[Records from a data source]
=======
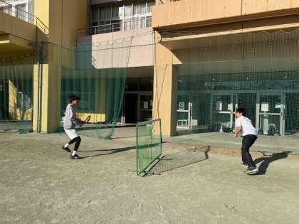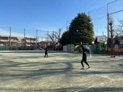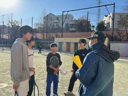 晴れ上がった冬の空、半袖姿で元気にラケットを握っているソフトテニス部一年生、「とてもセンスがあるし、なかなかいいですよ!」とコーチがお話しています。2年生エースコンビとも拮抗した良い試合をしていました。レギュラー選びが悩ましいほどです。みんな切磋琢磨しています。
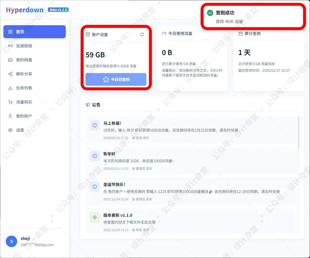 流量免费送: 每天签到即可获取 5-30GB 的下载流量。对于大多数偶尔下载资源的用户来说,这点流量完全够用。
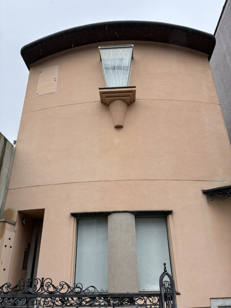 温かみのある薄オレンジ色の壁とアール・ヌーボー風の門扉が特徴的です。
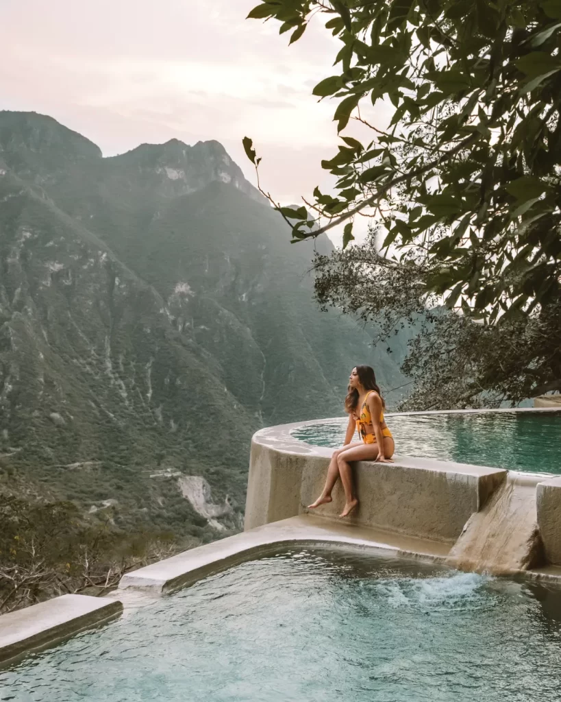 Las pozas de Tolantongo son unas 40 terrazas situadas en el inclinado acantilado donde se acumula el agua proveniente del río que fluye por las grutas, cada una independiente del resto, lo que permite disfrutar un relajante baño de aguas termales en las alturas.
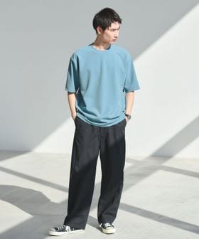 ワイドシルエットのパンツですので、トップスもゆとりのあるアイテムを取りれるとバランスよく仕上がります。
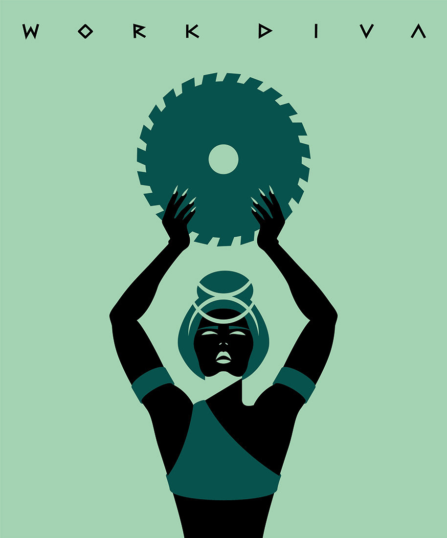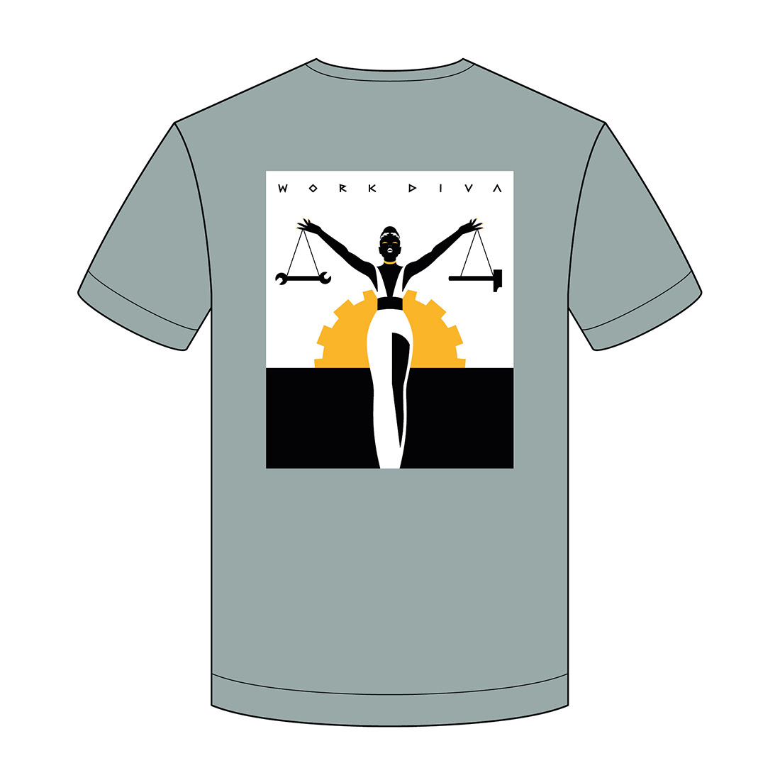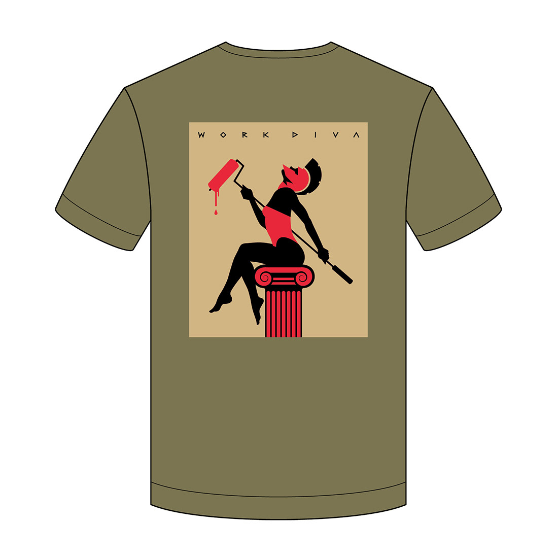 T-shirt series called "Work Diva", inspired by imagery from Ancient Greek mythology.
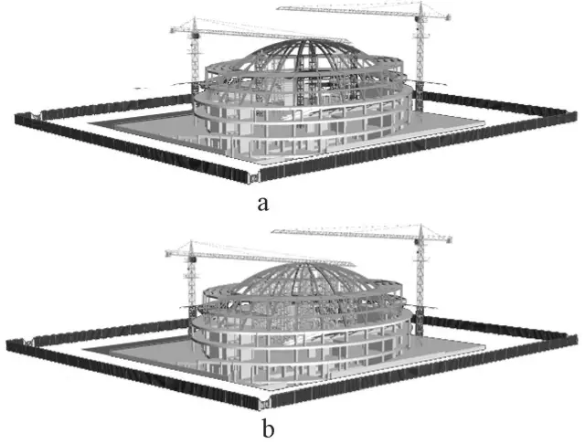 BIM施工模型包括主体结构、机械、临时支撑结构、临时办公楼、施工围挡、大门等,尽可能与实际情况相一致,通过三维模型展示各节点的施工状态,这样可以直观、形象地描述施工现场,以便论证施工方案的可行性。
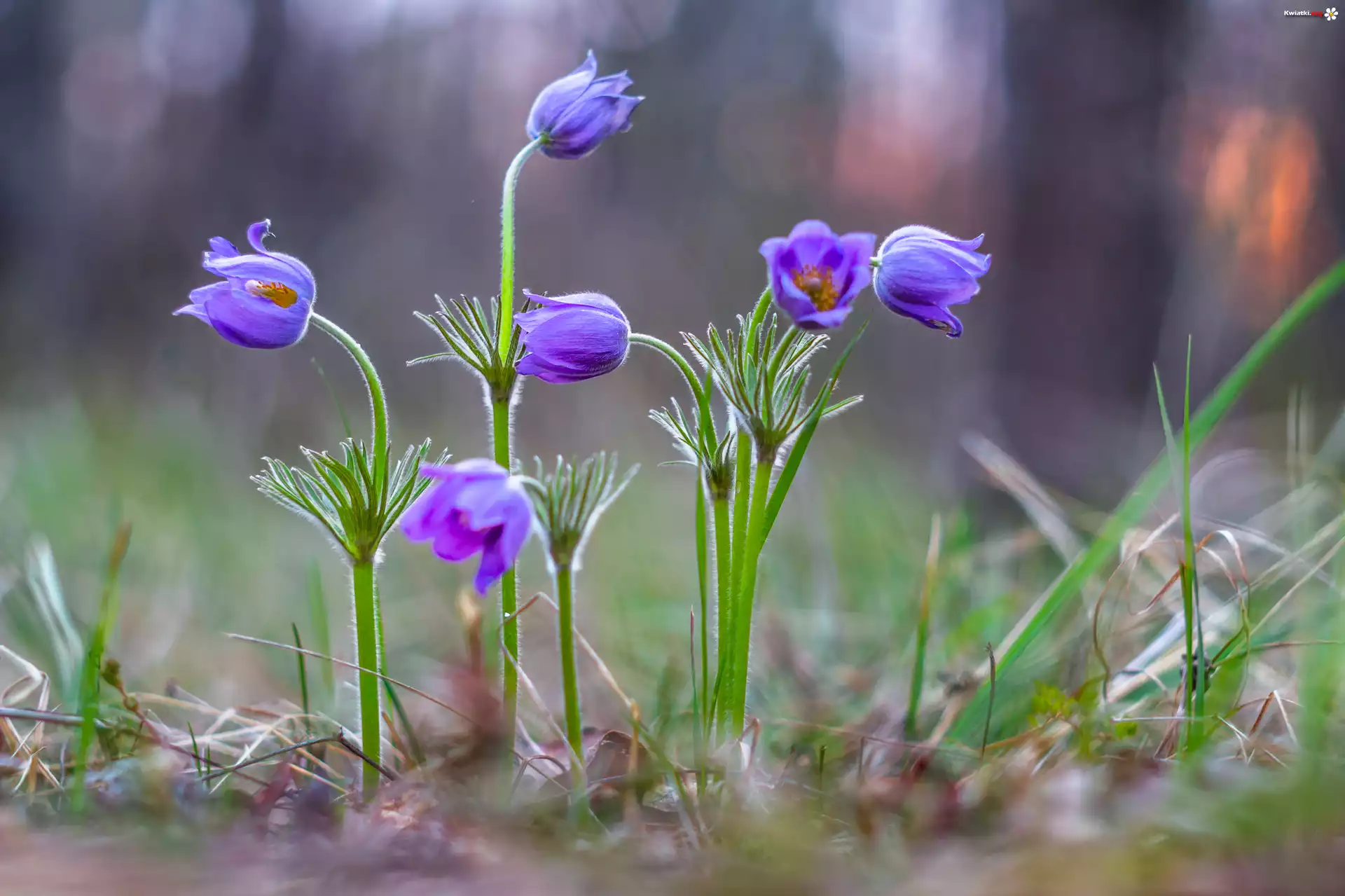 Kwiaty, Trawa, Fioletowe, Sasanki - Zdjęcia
=======
Once you find the line containing "T-shirt series called", transcribe it and each line after it to the end of the records exactly, and leave out the pictures.

* _TASK OUTPUT_
 T-shirt series called "Work Diva", inspired by imagery from Ancient Greek mythology.
 BIM施工模型包括主体结构、机械、临时支撑结构、临时办公楼、施工围挡、大门等,尽可能与实际情况相一致,通过三维模型展示各节点的施工状态,这样可以直观、形象地描述施工现场,以便论证施工方案的可行性。
 Kwiaty, Trawa, Fioletowe, Sasanki - Zdjęcia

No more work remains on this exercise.